Bayan Ul Quran (Urdu: بیان القرآن) is a three volume tafsir (exegesis) of the Quran written by Indian Islamic scholar, Ashraf Ali Thanwi (d.1943). Originally written in Urdu, it is the most prominent work of its author. The tafsīr is said to be specifically for scholars.

Background 
The compilation of this exegesis was started in 1320 AH. Thanwi completed this in 1905 (1323 AH). It was published in twelve volumes from Matb'a Mujtabai, Delhi in 1908 (1326 AH). The prominent Khutba-i-Tafsir-i-Bayan al Quran by the author occupies a very pivotal place in all editions, because in this ‘Khutba’ Thanwi has discussed the causes for compiling this Tafsir. He Says: "I used to ponder about the compilation of a precise exegesis of Quran which can touch the important aspects and dimensions of society without any innovation, but I was aware about the inferable exegesis of Quran compiled before and this is why I counted any other exegesis of Quran an addition to the number not something cut of box. This was the time when people used to translate the Quran for market gains which was contradicting the rulings of Sharia, and common Muslims went astray due to its misinterpretations. However these misinterpretations of Quran were countered by many pamphlets but were inadequate to counter this tide…..In this background on 12th Rabi al-Awal 1320 A.H I began to compile this Tafsir with the hope of after worldly gains from Allah, and it may prove beneficial for the masses."

Methodology 
The seven most important characteristic feature of this Tafsir according to Thanwi are:
 Use of simple words in translating the Quranic verses to make it easy to be comprehended.
 No use of phrases in translation, because phrases have many connotations. The translation has to be in prose so that it maintains clarity of the text and lucidity.
 Efforts have been made to prevent the readers from doubts and misconceptions. The most difficult topics are supported with explanatory notes.
 If a verse has diverse narrations for its exegesis, the most authentic narration has been taken into consideration.
 The commentary of verses is made to display in itself a sound connection.
 Out of four schools of Jurisprudence, Hanafi school of thought is taken into consideration, and if needed other schools are textualised on the margins.
 For specific purpose Arabic margin is added, in which Makki and Madani, obscure words are explained, context and background of verses is also given. The Arabic margin is basically Arabic exegesis of Quran which is very beneficial for students and scholars.

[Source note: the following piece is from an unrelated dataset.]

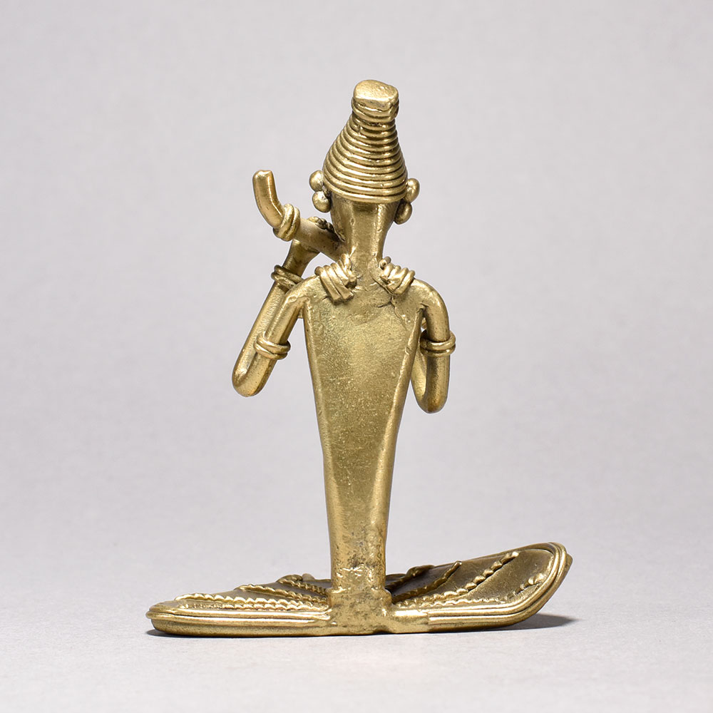 Bring the captivating rhythms of ancient tribal culture into your home with this exquisite tribal women figurine. Meticulously crafted from gleaming metal, this stunning piece depicts a woman sitting tranquilly and playing a hauntingly beautiful flute - a timeless image of the rich artistic traditions of Orissa.This tribal women figurine playing a flute is more than just a decorative piece - it's a window into a captivating world of tradition and creative expression. Display it proudly and let its soulful melodies transport you to the heart of Orissa's vibrant tribal heritage. Finely detailed metal figurine captures the serene poise of a tribal woman playing a flute This timeless piece is handcrafted by skilled artisans using time-honored techniques, ensuring each creation is truly one of a kind. Its versatile design makes it suitable for living rooms, bedrooms, offices, or meditation spaces, bringing a sense of heritage and style wherever it is displayed.

Thanwi was the staunch follower of Hanafi school of thought, which reflects quite clearly in his Tafsir. According to Rihana Sidiqi: "Maulana Thanwi was a conformer of Hanafi school of thought. He considers the conformation of school of thought obligatory, hence we find him critical to those people who try to unjustify the conformation by misinterpreting the Quranic verses."

Though, Thanwi was a hanafi jurisprudence scholar, he had spiritual inclination as well. This is why while deducing the legal injunctions from the Quranic verses; he had also deduced mystical dimensions from Quran. This is the first Urdu exegesis of Quran in which mystical dimensions have been extracted from Quranic verses. The main purpose behind the deduction was to clear the confusion regarding Tasawwuf.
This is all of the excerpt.